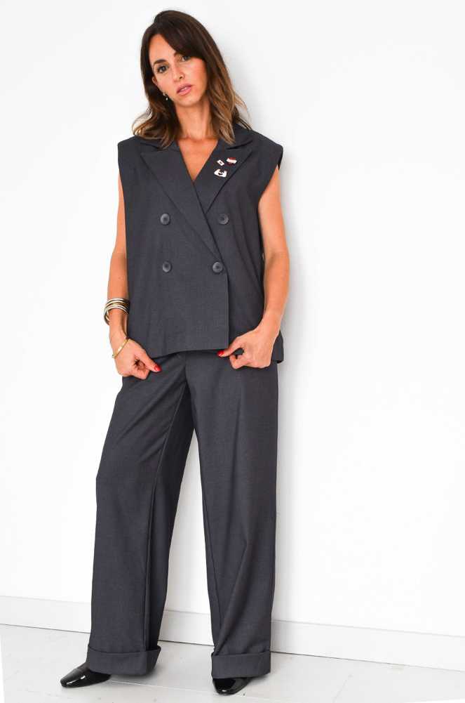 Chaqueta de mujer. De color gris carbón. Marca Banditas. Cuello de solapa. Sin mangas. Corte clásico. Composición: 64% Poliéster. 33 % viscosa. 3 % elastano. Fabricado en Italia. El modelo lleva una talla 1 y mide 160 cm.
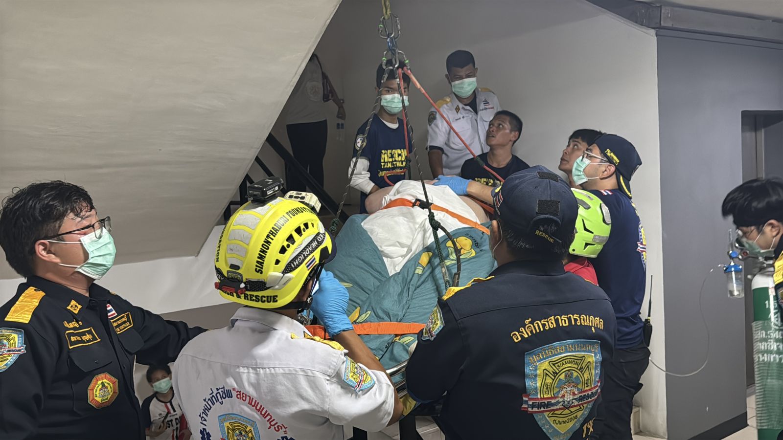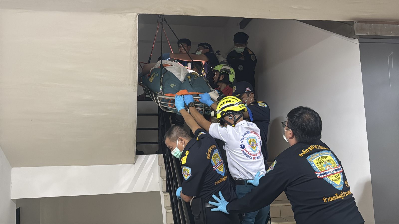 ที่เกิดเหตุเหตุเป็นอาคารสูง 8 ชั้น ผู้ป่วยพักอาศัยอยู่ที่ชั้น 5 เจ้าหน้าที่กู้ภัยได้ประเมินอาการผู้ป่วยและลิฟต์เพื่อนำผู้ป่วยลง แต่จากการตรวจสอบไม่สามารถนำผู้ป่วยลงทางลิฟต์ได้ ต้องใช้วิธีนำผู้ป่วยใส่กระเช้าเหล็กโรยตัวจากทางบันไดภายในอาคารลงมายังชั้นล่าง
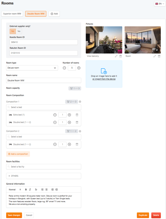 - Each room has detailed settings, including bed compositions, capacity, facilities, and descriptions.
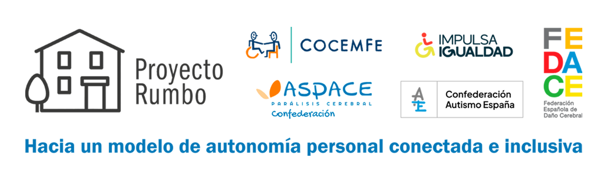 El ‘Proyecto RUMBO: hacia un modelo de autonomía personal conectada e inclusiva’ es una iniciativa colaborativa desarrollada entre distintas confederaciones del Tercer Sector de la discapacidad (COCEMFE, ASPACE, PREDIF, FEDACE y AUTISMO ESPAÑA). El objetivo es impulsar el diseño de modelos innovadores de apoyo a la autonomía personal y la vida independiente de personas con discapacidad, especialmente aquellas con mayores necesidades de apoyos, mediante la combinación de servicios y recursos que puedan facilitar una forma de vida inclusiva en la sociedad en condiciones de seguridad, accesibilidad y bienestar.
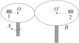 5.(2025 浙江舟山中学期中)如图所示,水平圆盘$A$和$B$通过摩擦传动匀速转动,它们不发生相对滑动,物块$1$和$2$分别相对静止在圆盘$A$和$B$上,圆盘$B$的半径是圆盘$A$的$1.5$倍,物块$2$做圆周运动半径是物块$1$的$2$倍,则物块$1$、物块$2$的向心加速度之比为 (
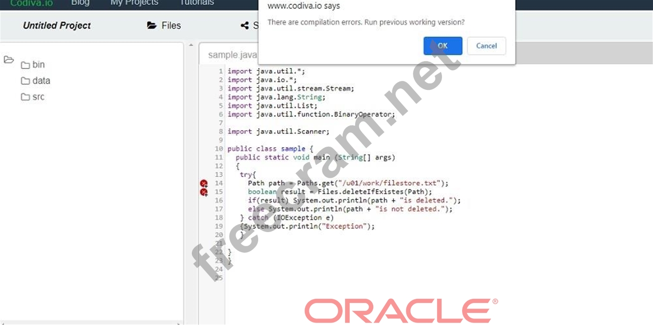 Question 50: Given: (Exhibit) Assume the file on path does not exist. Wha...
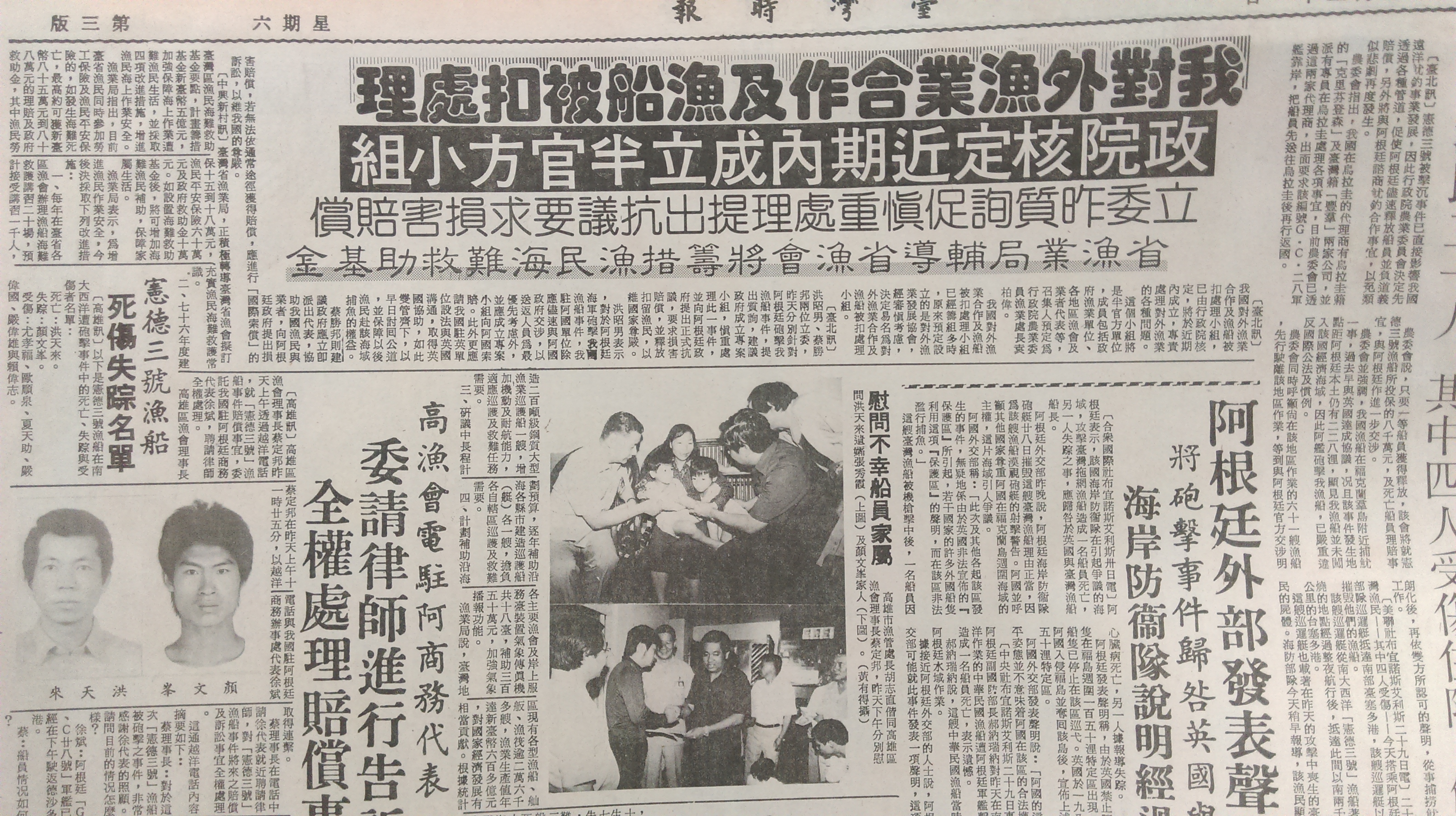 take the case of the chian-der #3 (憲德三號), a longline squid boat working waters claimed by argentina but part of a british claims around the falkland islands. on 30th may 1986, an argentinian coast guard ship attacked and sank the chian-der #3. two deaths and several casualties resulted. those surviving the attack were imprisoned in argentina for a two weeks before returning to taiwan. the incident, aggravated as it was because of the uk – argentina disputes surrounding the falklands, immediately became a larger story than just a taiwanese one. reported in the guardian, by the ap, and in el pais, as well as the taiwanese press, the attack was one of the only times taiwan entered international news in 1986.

TASK TO CARRY OUT
Starting at the line that holds "Question 50: Given: (Exhibit)", copy each line exactly through the end of the listing, both ends included. Leave the pictures out.

WRITTEN RESPONSE
 Question 50: Given: (Exhibit) Assume the file on path does not exist. Wha...
 take the case of the chian-der #3 (憲德三號), a longline squid boat working waters claimed by argentina but part of a british claims around the falkland islands. on 30th may 1986, an argentinian coast guard ship attacked and sank the chian-der #3. two deaths and several casualties resulted. those surviving the attack were imprisoned in argentina for a two weeks before returning to taiwan. the incident, aggravated as it was because of the uk – argentina disputes surrounding the falklands, immediately became a larger story than just a taiwanese one. reported in the guardian, by the ap, and in el pais, as well as the taiwanese press, the attack was one of the only times taiwan entered international news in 1986.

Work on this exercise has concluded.